上京城,
这几日的上京城可谓热闹至极,
无数京师周边之地的才子赶赴上京,参加三年一度的秋闱大考,
本就热闹的京城街道随之诸位才子到来,显得更加的拥挤不堪。
在秋闱前一夜,一则震人心魄的消息在整个秋闱考生当中散播开来,
他们奉为上京第一才子的平南侯府长孙陆瑾,
竟然因为叛国罪名被抓了起来,
如今被关押在刑部大牢之内。
所有听到这则消息的考生,眼中都露出不可思议之色,
当众考生得知陆瑾叛国的罪名竟然是与北宛使臣有勾结,
所有人纷纷哗然!
在众考生看来,这根本是不可能是事情,
尤其是参加过辽王府宴会的京师才子,在听到这个近乎可笑的理由时,所有人选择一同为陆瑾发声!
众人聚集到刑部衙门门口,大声发出自己的质问声。
随着众考生聚集的越来越多,一些京师民众也加入到队伍当中,
对于陆瑾战胜北宛使臣的事情,如今整个上京城可谓人尽皆知,
没有人相信陆瑾竟然会与北宛有勾结。
眼看事情闹得越来越大,一名刑部官员亲自下场维持秩序。
好巧不巧,此人正是刑部员外郎马煜。
马煜看着聚集在一起的考生,冷着脸道:「诸位,你们都是秋闱考生,莫要因为自己的一时冲动,毁了前程,
聚众闹事,煽动言论,本官有权将尔等都抓起来。
若是因为今日之事,耽误了明日考试,岂不是得不偿失?
秋闱考试,三年一次,
你们自知其中艰辛,
趁着本官还没有动怒,
速速散去!」
马煜话语一落,一些刑部吏员蜂拥而出,
在马煜看来,一群只知道死读书的考生,随意恐吓几句也就乖乖散去了,
况且对于诸位考生而言,秋闱大考可是头等要事,不会有人愿意为了一个不相干的陆瑾,自毁前程。

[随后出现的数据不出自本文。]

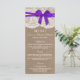 A coleção de arcos roxos rusticada é um design com um adorável fundo de efeito de burlap rustic com um romântico efeito de renda branca vintage e um arco roxo espantoso. Esses menus podem ser personalizados para sua ocasião especial e fariam a modelo perfeita para menus de casamento, menus de chá de panela, menus de festa de noivado, menus de festa de aniversário e muito, muito mais. *Observe que o Zazzle só vende produtos impressos para que este item não tenha nenhum material real de burlap, rendas ou fita/ arco.

可惜马煜算盘打得极好,却根本没想到陆瑾在众考生中的地位,
一名考生无视蜂拥的刑部吏员,挺身开口道:「这位大人,我等聚在此处并不是想闹事,我等只想求一个真相!」
「对,我等只想求一个真相!」
众人纷纷开口。
马煜皱着眉头,「你们想要什麽真相?」
刚刚开口那人朗声道:「大人,我等想知道,为何刑部无缘无故抓走陆兄,
在场众人哪个不知,
陆兄在辽王府宴会上,痛击北宛,三试三胜,
陆兄这种人怎麽可能与北宛使臣有勾结?
我等需要衙门给我们一个真实的理由,
而不是可笑的与北宛有所勾结!」
「不错!我等就想知道,刑部为何抓走陆兄?」
在场众学子纷纷质问马煜。
马煜听着在场众学子的质问声,脸色发青,
他冷眼看着众人,威胁道:「陆瑾勾结北宛一事,虽然如今并未证实,但证据充足且完善,你们如此帮一个叛国之人说话,是嫌自己的命也不够长了?」
马煜威胁的话语,使得在场众考生响起一阵骚乱,
一些考生虽然可以帮陆瑾仗义执言,却做不到为了陆瑾放弃前程,甚至丢去性命。
不过依旧有一些考生根本无惧马煜的威胁之言。
「大人,我等饱读圣贤之书,自然知道忠君爱国,忧国奉公。
但大人说陆兄是叛国之人,学生不信!
能做出从军行,破阵子的陆兄,
怎麽可能是你说的这种叛国之人?
大人应该也是文人出身,应当知晓诗以言志,文以载道,
黄沙百战穿金甲,不破楼兰终不还!
了却君王天下事,赢的生前身后名!
大人,你叫学生如何相信陆兄是你口中的那种人?」
「说的好!」
「诗以言志,文以载道,陆兄不可能勾结北宛,一定是有朝廷小人诬陷陆兄!」
「定是如此!」
「不错!」
马煜听着场地再次爆发的议论声,脸色阴沉,
「本官说了,陆瑾勾结北宛一事,证据充足,尔等若是再胡搅蛮缠,就别怪本官不讲情面!
刑部大牢虽说占地不大,但关押几十人还是绰绰有馀的!」
马煜毫不掩饰的威胁话语,使得现场一静。
一些刑部吏员冷笑着盯着在场众学子,随时有动手的打算。
原本喧嚣的场地,顿时鸦雀无声,
还有一些胆子小的学子,已经缓缓朝后退去。
马煜看着鸦雀无声的众人,嘴角露出一抹讥讽。
到底是一群尚未经事的学生,
恐吓几句也就怕了!
「大人,要抓就先抓白某,若是不能为陆兄仗义执言,白某苦读这圣贤书又有何用?」一名学子朗声开口。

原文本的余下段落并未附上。